SQLiteChangesetSync is a Swift package that allows for the offline-first synchronization of SQLite databases across multiple devices with intermittent network connectivity.

Primary LanguageCMIT LicenseMIT

Overview

SQLiteChangesetSync is a Swift package that allows for the offline-first synchronization of SQLite databases across multiple devices with intermittent network connectivity. It works by leveraging the SQLite Session Extension to capture changesets as they are "committed" to a local database. Similar to git, these changesets can then be "pushed" to a remote repository such as a CloudKit database. Other devices can then "fetch" these changesets and apply them their local database to keep data consistent across different databases.

Note: This package is an experimental concept that I've developed and wanted to share. While it functions well on my machine, your experience may vary! 😄 I'm very interested in receiving feedback about the idea and its implementation. Insights from anyone who tries to use it would be incredibly valuable and greatly appreciated.

Advantages of SQLiteChangesetSync Approach

  • Offline first: Changes to the database are captured and stored locally without requiring any network connectivity.
  • Simple Requirements: Only requirement is that SQLite has been compiled with the SQLite Session Extension. This extension is included by default in the versions of SQLite distributed with MacOS and iOS.
  • Simple Integration: Works with existing SQLite databases, and requires only minimal modifications to the existing database structure or application code.
  • Efficient Data Synchronization: The use of changesets for recording database modifications allows for efficient data transfer when syncing, as only the changes are transmitted rather than the entire database.
  • Flexible Data Synchronization: An example of using a CloudKit database to sync changesets is included, but the package’s design allows for easy adaptation to different backend services (cloud services, other databases, etc.) for syncing. Like git commits, changesets are idempotent and have unique UUIDs making syncing them simple.
  • Flexible Sync Timing: Syncing of changeset data is independent of syncing of application data. Like git, pushing or fetching changeset data to or from the backend service does not affect the application data. Pushing and fetching could be scheduled with a timer or in response to notification events that new data is available to fetch. The application can later choose to apply the new changesets when desired.
  • Granular Change Tracking: Similar to version control systems, this method offers detailed tracking of each modification, enabling precise control and understanding of database evolution over time.
  • Flexible Conflict Resolution: The git-like functionality (merge, pull, etc.) provides a structured way to handle conflicts that may arise when different instances of the database are modified independently. Future Development: Allow applications to define their own conflict resolution logic with full access to the database at the state of conflict.

Running the Demo

Screenshot

A demo iOS app SQLiteChangesetSyncDemo is included in the package. To enable CloudKit support, edit the CloudKitConfig settings in SQLiteChangesetSyncDemoApp.swift. The app UI is basic, so please watch the app log to see the results of each operation. Setting the environment variable SQL_TRACE will log all executed SQL statements. There are two identical targets in the project SQLiteChangesetSyncDemoApp and SQLiteChangesetSyncDemoAppCopy. It is possible to run each target on a separate simulator and experiment with syncing data between the two instances.

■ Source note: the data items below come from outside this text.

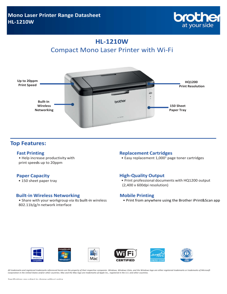 HL-1210W - 브라더 공식 온라인 스토어 1210w
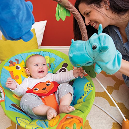 Includes two large plush interactive hand puppets: toucan and hippo, Newborn full body and head support, 2 position recline with 3-point safety harness, Melodies, sounds, and vibrations soothe and entertain baby
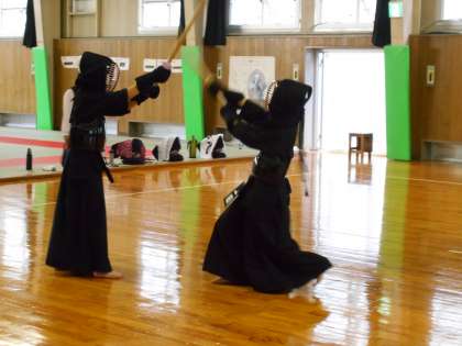 剣道部も試合形式で練習をしながら進めており、審判の練習にもなったようです。
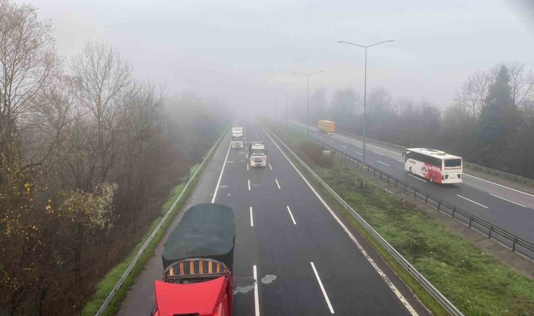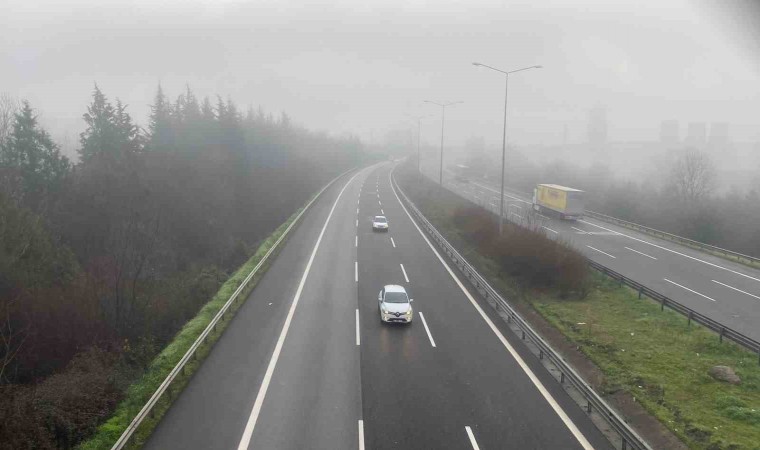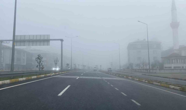 Düzce’de etkili olan sis, kent merkezinde ve otoyolda görüş mesafesini 20 metreye kadar düşürdü.
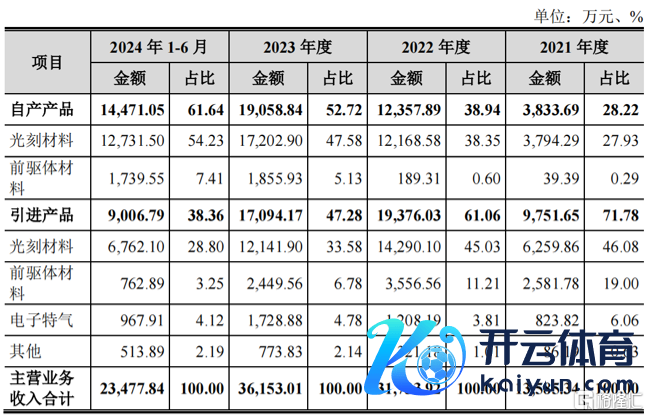 2021年至2024年1-6月,公司自产居品占主贸易务收入的比例由28.22%进步至61.64%,引进居品的占比由71.78%下跌至38.36%。
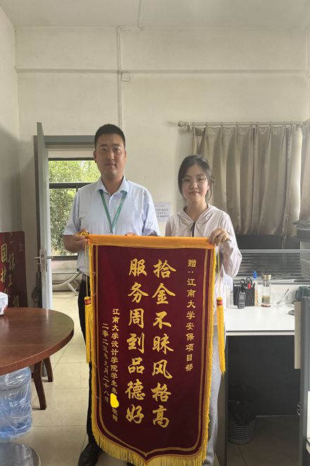 9月28日,设计学院2023级本科新生朱同学将一面写有“拾金不昧风格高,服务周到品德好”的锦旗和一封感谢信送至我校安保人员值班室,对党委保卫部(处)安保队伍的暖心之举表示感谢。
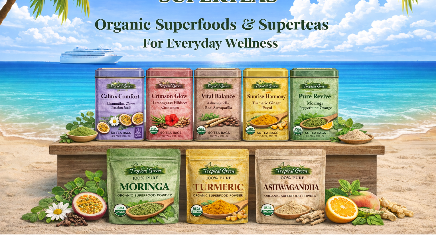 Tropical Green Organics is dedicated to crafting premium organic superfoods tea blends that support everyday wellness. Our products are thoughtfully formulated using high-quality, natural ingredients sourced from around the world, combining traditional herbal knowledge with modern lifestyles. From calming infusions to energizing blends, each tea is designed to promote balance, vitality, and a refreshing tropical experience in every cup.
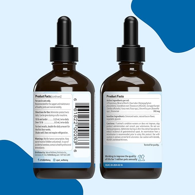 Pet Wellbeing Agile Joints for Cats - Veterinarian-Formulated - Hip and Joint Health, Mobility, Devil’s Claw, Boswellia, Joint Ligament and Cartilage - Herbal Supplement 4 oz (118 ml)
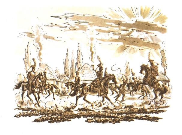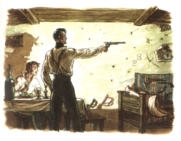 Один только человек принадлежал нашему обществу, не будучи военным. Ему было около тридцати пяти лет, и мы за то почитали его стариком. Опытность давала ему перед нами многие преимущества; к тому же его обыкновенная угрюмость, крутой нрав и злой язык имели сильное влияние на молодые наши умы. Какая-то таинственность окружала его судьбу; он казался русским, а носил иностранное имя. Некогда он служил в гусарах, и даже счастливо; никто не знал причины, побудившей его выйти в отставку и поселиться в бедном местечке, где жил он вместе и бедно и расточительно: ходил вечно пешком, в изношенном черном сертуке, а держал открытый стол для всех офицеров нашего полка. Правда, обед его состоял из двух или трех блюд, изготовленных отставным солдатом, но шампанское лилось притом рекою. Никто не знал ни его состояния, ни его доходов, и никто не осмеливался о том его спрашивать. У него водились книги, большею частию военные, да романы. Он охотно давал их читать, никогда не требуя их назад; зато никогда не возвращал хозяину книги, им занятой. Главное упражнение его состояло в стрельбе из пистолета. Стены его комнаты были все источены пулями, все в скважинах, как соты пчелиные. Богатое собрание пистолетов было единственной роскошью бедной мазанки, где он жил. Искусство, до коего достиг он, было неимоверно, и если б он вызвался пулей сбить грушу с фуражки кого б то ни было, никто б в нашем полку не усумнился подставить ему своей головы.
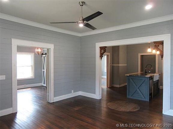 Cute! Cute! Cute! This Two bedroom Two full bath home is located in South McAlester. When you step inside you can see all of the nice work updating this home that has been completed with finished hardwood floors, some laminate flooring, barn doors, new bathrooms with new fixtures Tile work etc. Nice open concept Living and Kitchen with nice sized island and nice gas stove which flows into a nice butlers pantry. The backyard is fenced, concrete driveway that goes to a detached Garage behind the house offering you a place for your vehicle or a nice workshop. There are a few little cosmetic projects that need to be finished but the big items have been taken care of such as Roof (2 years old), AC unit (2 years) flooring, updated bathrooms, you really need to see this house in person to understand everything that has been done to it. Call today to make your appointment to see this Cute little Bungalow
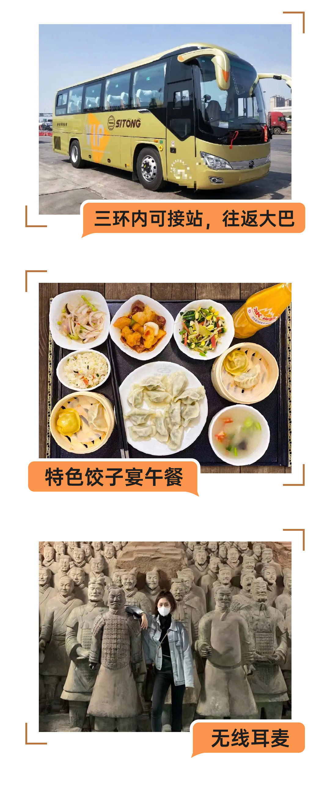 | 景区交通 | 兵马俑电瓶车5元/人、骊山电瓶车20元/人、骊山索道70元/人; |

The demo depends on the GRDB and GRDBQuery packages.

Operations

  • Push: Transfers unpushed changesets to a remote repository.
  • Fetch: Retrieves new changesets from a remote source.
  • Pull: Applies changesets saved in the local database to the application data synchronizing with the latest state. Note: Unlike git, the pull command does not run a fetch first. To sync new data, run fetch before pull.
  • Merge: Combines changes from different branches into the current branch. After the merge, to apply the merged branch to your application data, run pull.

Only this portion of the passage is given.